Poco a poco se van distanciando. A él le aburre vivir al lado de alguien tan servicial. En la escena más impresionante de la película, ella le pregunta dónde quiere cenar: en casa o fuera. Él le contesta que donde ella quiera. La joven insiste en que sea donde él desee. Entonces el marido le ruega por favor cenar donde ella elija, le pide que exprese sus deseos, le explica que se sentiría mejor si supiera lo que piensa. La quiere auténtica como cuando se enamoró de ella. La protagonista se siente muy confundida, ya no sabe lo que prefiere, de tanto enterrar sus deseos, los ha olvidado. Y decide quedarse en casa porque será lo mejor para él. La siguiente escena comienza con los papeles del divorcio. El mensaje de la película me pareció simple pero revelador: con la entrega constante no se alimenta la autoestima, lo único que logramos es ir esparciendo arena por encima de nuestras ilusiones, hasta enterrarlas.
Albert Ellis, uno de los padres de la terapia cognitiva, postula que el sufrimiento no viene generado por los hechos externos, sino por la interpretación que las personas hacemos de ellos.
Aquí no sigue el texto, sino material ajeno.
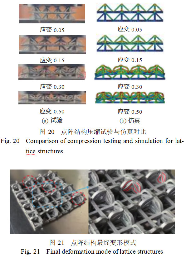 图20对比了仿真和试验结果中点阵结构在不同压缩应变下的变形模式。当应变达到0.05时,上层胞元的十字交叉基座开始变形。当应变增加到0.15时,上层胞元的十字交叉基座发生弯曲变形。当应变进一步增加到0.3时,左右两边的胞元基座与下层胞元接触,上层胞元顶端与下层胞元相接触。当应变达到0.5时,结构达到密实区,整体模型被压瘪。在相同应变下,试验结果与仿真计算结果相吻合。在压缩过程中,结构的压缩变形主要发生在胞元斜杆和十字交叉基座,整体变形呈现对称规律。中间两组胞元的变形过程较为相似,左右两组胞元的变形过程也较为相似。从图21中标红的部分可以看出,点阵结构的上下两个胞元都发生了较大的弯曲变形,上层胞元与下层胞元压缩至贴合,上层胞元的基座和斜杆都发生了大幅度的塑性变形。

A su vez, esas interpretaciones son el resultado (o sesgo) de diversos tipos de creencias irracionales que habitan en nuestra mente. La primera de estas creencias es: “Necesito el amor y la aprobación de todas las personas significativas de mi entorno”. Una creencia que, en diferentes grados, se encuentra instalada en todas nuestras cabezas.
Tenemos tan interiorizada la necesidad de aprobación que el “sí” casi se ha convertido en una respuesta refleja. Muchas veces, respondemos “sí” cuando queremos decir “no”. Desde los ejemplos más cotidianos (aceptar la invitación a un café que no nos apetece nada) hasta cuestiones más vitales (estar en una relación que sabemos que no nos conviene, por ejemplo). A menudo, nos plantean una petición y antes de procesarla ya hemos aceptado, sin pensar siquiera si nos apetece o nos conviene. Parece obvio, pero cambiar el “sí” por “voy a pensarlo” puede darnos tiempo a reflexionar sobre lo que realmente queremos. La otra opción es atrevernos a decir “no”, pero nos genera tanta culpa y malestar que nos deshacemos en excusas y justificaciones (no sea que el otro piense mal de nosotros).
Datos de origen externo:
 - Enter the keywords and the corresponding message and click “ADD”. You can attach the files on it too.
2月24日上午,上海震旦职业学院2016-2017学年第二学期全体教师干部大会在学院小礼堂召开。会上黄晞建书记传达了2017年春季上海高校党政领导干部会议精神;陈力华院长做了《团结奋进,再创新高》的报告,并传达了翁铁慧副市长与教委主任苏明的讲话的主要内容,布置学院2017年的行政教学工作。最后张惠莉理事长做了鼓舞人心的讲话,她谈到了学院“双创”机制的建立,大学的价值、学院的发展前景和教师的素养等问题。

Muchas personas se estrujan las neuronas intentando averiguar por qué se encuentran enredadas en esa dinámica de volcarse en los demás. Es imposible saberlo, es absurdo empeñarse, sobre todo si tenemos en cuenta que saberlo no nos resolvería nada. Algunas personas se victimizan por la decepción constante del entorno; otras, lo hacen remitiéndose a su infancia como la causante de sus problemas afectivos. Al fin y al cabo, como el pasado no se puede cambiar siempre podemos recurrir a culpar a los padres o a las circunstancias.
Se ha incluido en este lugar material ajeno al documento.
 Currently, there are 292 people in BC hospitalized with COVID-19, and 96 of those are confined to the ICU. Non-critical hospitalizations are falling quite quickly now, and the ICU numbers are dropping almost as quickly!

La pregunta no es de dónde viene, sino qué estamos haciendo o pensando para mantener esta dinámica de entrega permanente. Si alguna vez experimentamos un momento de clarividencia y decidimos ser honestos, atreviéndonos a mirar muy dentro de nosotros mismos, es probable que sintamos temor al rechazo. Reconocerlo y trabajarlo es el primer paso en el camino hacia nuestra autonomía emocional. Esa clarividencia suele ser fugaz. Así que procuremos atraparla con todas nuestras fuerzas cuando se presente.